Developing Countries Are Afraid of ‘Rigged Commerce’ Not ‘Free Trade’
Business Daily (Nairobi)
OPINION
15 November 2007
Posted to the web 15 November 2007
By James Thuo Gathii
In an editorial on Thursday November 1st 2007, Peter Mandelson, the EU Trade Commissioner and Louis Michel the EU Development Commissioner wrote an opinion piece titled Nobody is Forcing Free Trade on Africa. That piece strongly advocated using free trade to help African, Caribbean and Pacific build stronger economies. There is certainly no doubt that these countries want stronger economies and free trade is certainly one way to build stronger economies.
Their editorial is welcome since these top EU officials now acknowledge that some ACP regions will need more time than the end of this year to conclude new trade agreements with the EU.
These new trade agreements, known as Economic Partnership Agreements, (EPAs), between ACP countries, on the one hand, and the EU on the other, will replace the current preferential trading arrangements. Under these preferential trading arrangements, ACP countries enjoy duty free access for some of their exports to the EU.

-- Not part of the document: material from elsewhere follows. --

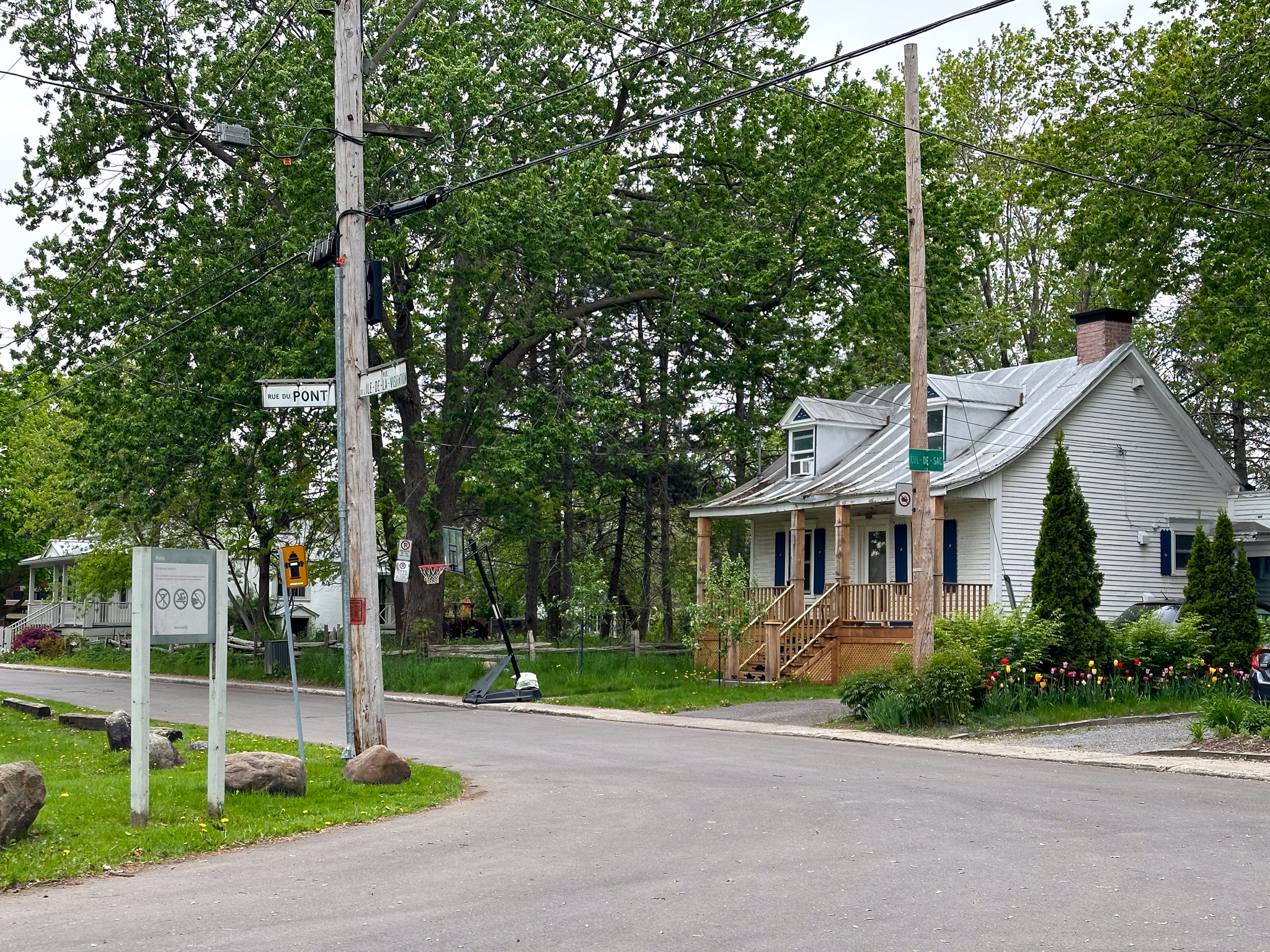 I failed to photograph the old mill or other historic relics at the park. I didn’t photograph the bridges or community gardens or the restaurant at the old mill. Instead, I wandered around on the various trails, and emerged a few times into pleasant little neighborhoods. I admired the spring flowers. But after a few hours, it was time to return home. So I found the Bixi bike stand (which was completely full of bikes!), and pedaled my way back.
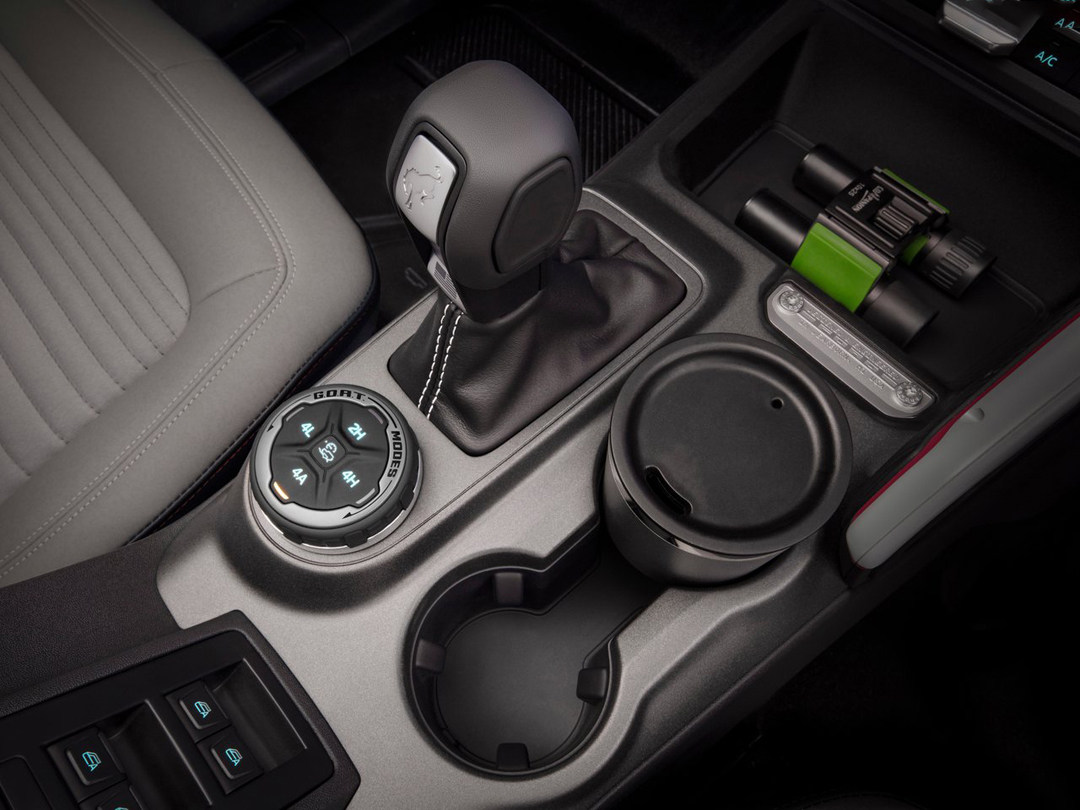 照片显示Bronco的内装以简单为主,大量功能都使用手动控制,不会像某些车型一样将功能隐藏在中央显示屏内部,需要用的时候还要翻开多重菜单,简单粗暴,这才是越野车应该有的样子。相比起那些手动切换四驱模式的车型来说,Bronco显得斯文得多,电控的四驱系统还带有陡坡缓降功能,让你毫不费力地去野。

These privileged access is not shared by non-ACP developing countries. However, since the WTO waiver allowing the EU to extend this preferential access to the end of this year, the EU and ACP countries committed themselves in the Cotonou Agreement of 2000 to negotiate Economic Partnership Agreements (EPAs) by the end of 2007.
The commitment by the EU and ACP countries in 2000 to negotiate EPAs was premised on several understandings.

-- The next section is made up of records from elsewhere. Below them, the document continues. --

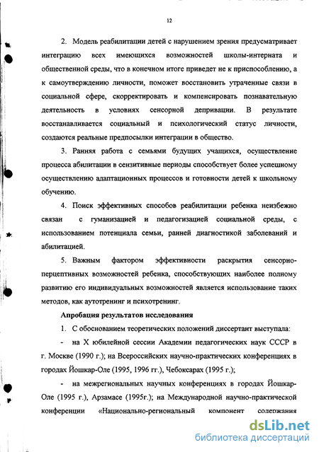 1. В новых социальных и экономических условиях жизни детей-инвалидов по зрению полноценное осуществление социально-педагогической реабилитации возможно в дифференцированном учреждении при условии функционирования школы-интерната как открытой социально-педагогической системы.
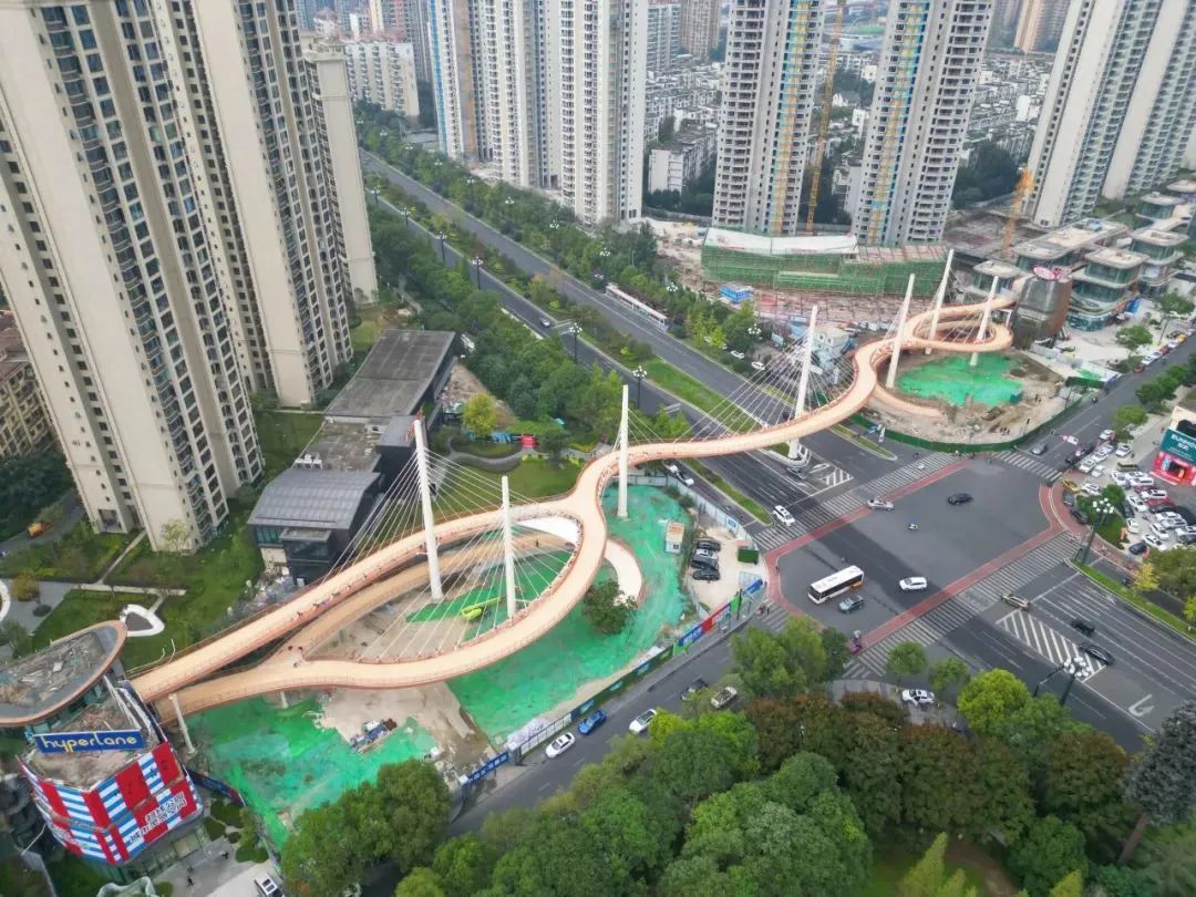 蜀龍路跨線橋主線全長249.6米,共包含7根索塔、100根鋼索以及24節段鋼箱梁。全橋采用鋼結構實現靈動造型,沒有一座橋墩,通過7根索塔拉起1000余噸橋體。
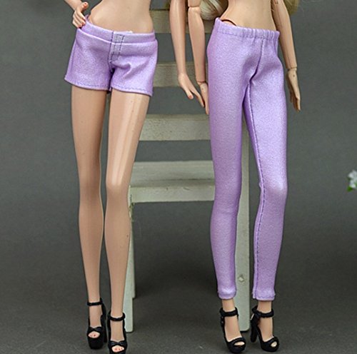 Fashion Elastic Purple Leather Bottoms Pants Trousers for Barbie Dolls best gift 2Pcs
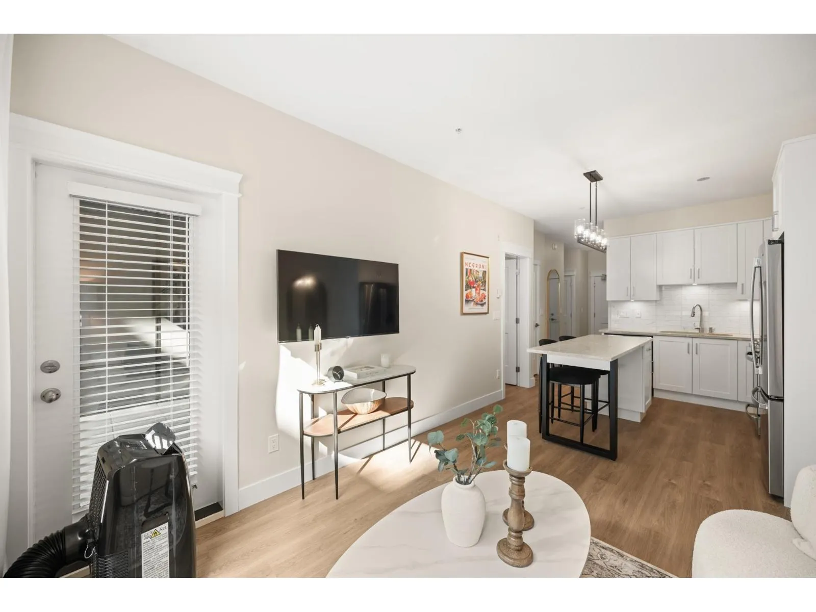 Welcome to Kensington Gate by Quadra Homes!!! This top floor JR 2 Bed 1 Bath unit has 10 foot ceilings, A/C, Stainless Steel appliance package, white quartz countertops, white shaker cabinets, vinyl-plank floors throughout (heated tile floors in the bathroom), built in closet organizers, built in safe, HUGE storage locker and 1 parking stall! Strata fees include natural
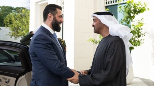 Abu Dabi, 23 abr (Prensa Latina) El presidente de Siria, Ahmed al-Sharaa, sostuvo hoy conversaciones con su homólogo de Emiratos Árabes Unidos (EAU), Mohammed bin Zayed Al Nahyan, centradas en la seguridad regional y el fortalecimiento de la cooperación económica.
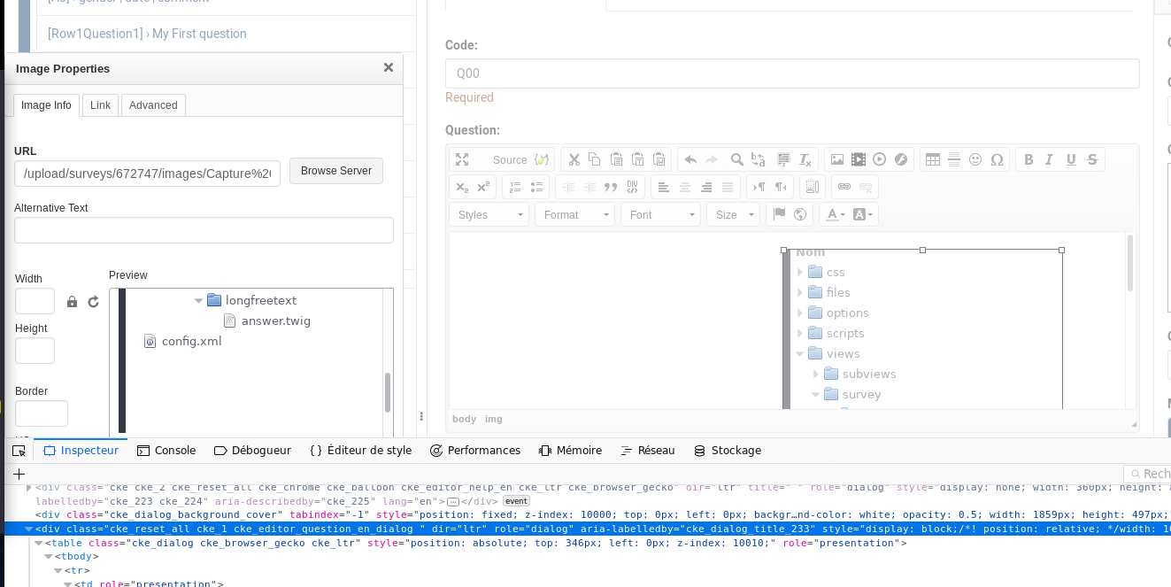 @DenisChenu I cannot access the log of the KCfinder popup because it's freezing. Any suggestion to see that log? |
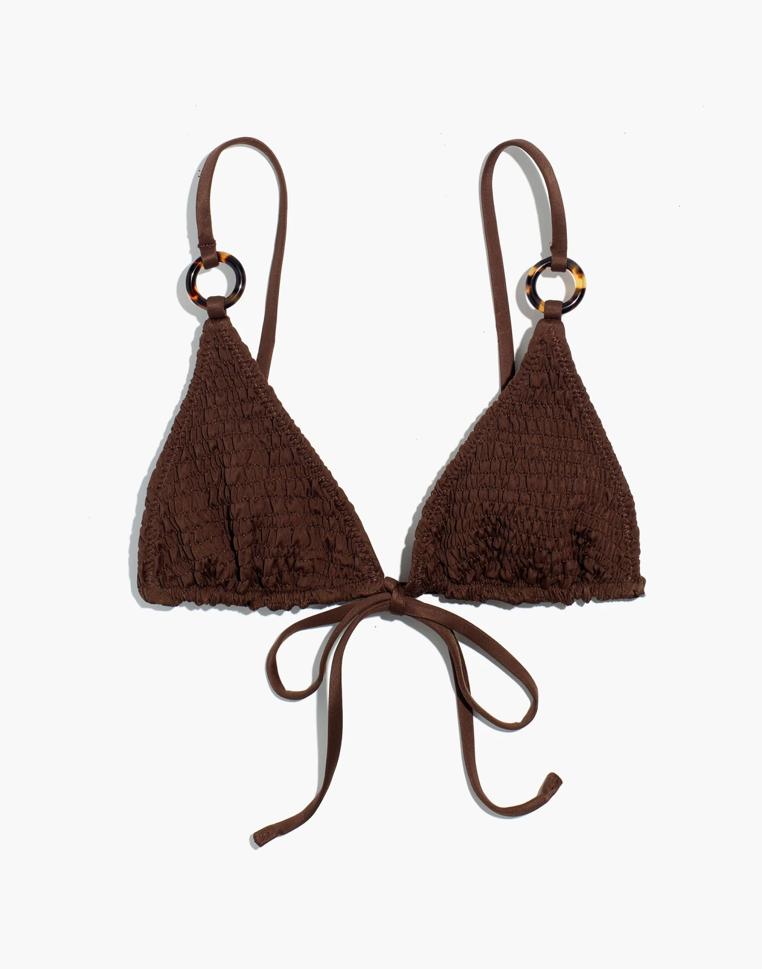 Stylish and sustainable, Palm Swimwear was founded in Western Australia where the pursuit of the perfect suit is serious business. Made with regenerated nylon and superluxe® Lycra XTRA LIFEâ„¢ spandex (so it won’t stretch out or fade), this sexy string bikini top has adjustable straps that tie in front.

First, that EPAs would open up European markets to agricultural products from ACP countries in the same way that ACP countries would open their economies up to those trade items that the EU has a comparative advantage over ACP countries.

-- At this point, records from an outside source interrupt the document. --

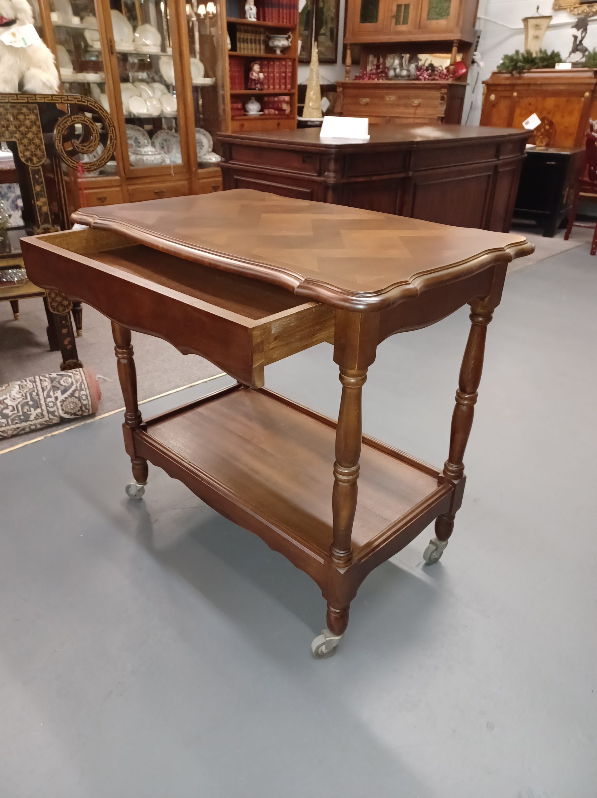 This trolley would be excellent for entertaining as dessert or drink cart. Circa mid 20th century.
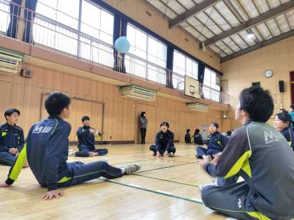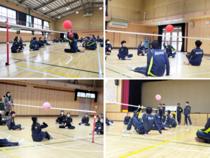 座ったままの移動やパス、レシーブは想像以上に難しく、円陣パスや風船での練習では動けない生徒も多く見られました。
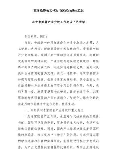 【七哥公文】2025年:在专家赋能产业升级工作会议上的讲话+更多免费公文+VX:QiGeGongWen2024+更多免费公文+VX:QiGeGongWen2024
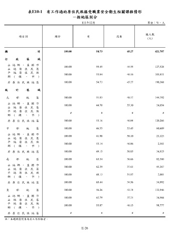 表E10-1 有工作過的原住民族接受職業安全衛生相關課程情形

This was a necessary assumption since for more than the last 50 years, trade liberalisation in industrial products far out paced liberalisation in agriculture.
In other words, global trade was rigged in favour of industrial products and against agriculture. Industrialised economies like the EU benefited both from their comparative advantage in industrial products and for their agricultural produce – a feat that these countries achieved by highly protecting their agricultural sectors from low cost producers in developing countries.
For example, huge subsidies to high cost EU sugar producers has hurt low cost ACP sugar producers. The EU also subsidises its cotton farmers thereby adversely affecting over 10 million lower cost cotton farmers in West and Central Africa.
The US is a bigger culprit here since it not only has bigger cotton subsidies, but these subsidies have been found to be inconsistent with the rules of the World Trade Organization (WTO), by its highest judicial organ, the Appellate Body.
The EU argues its cotton subsides are much lower than those of the US and that it is the biggest buyer of African cotton. This is exactly where the problem here is. The EU buys African cotton at rock bottom prices because subsidies to cotton farmers in the EU and in the US have depressed the cost of African cotton.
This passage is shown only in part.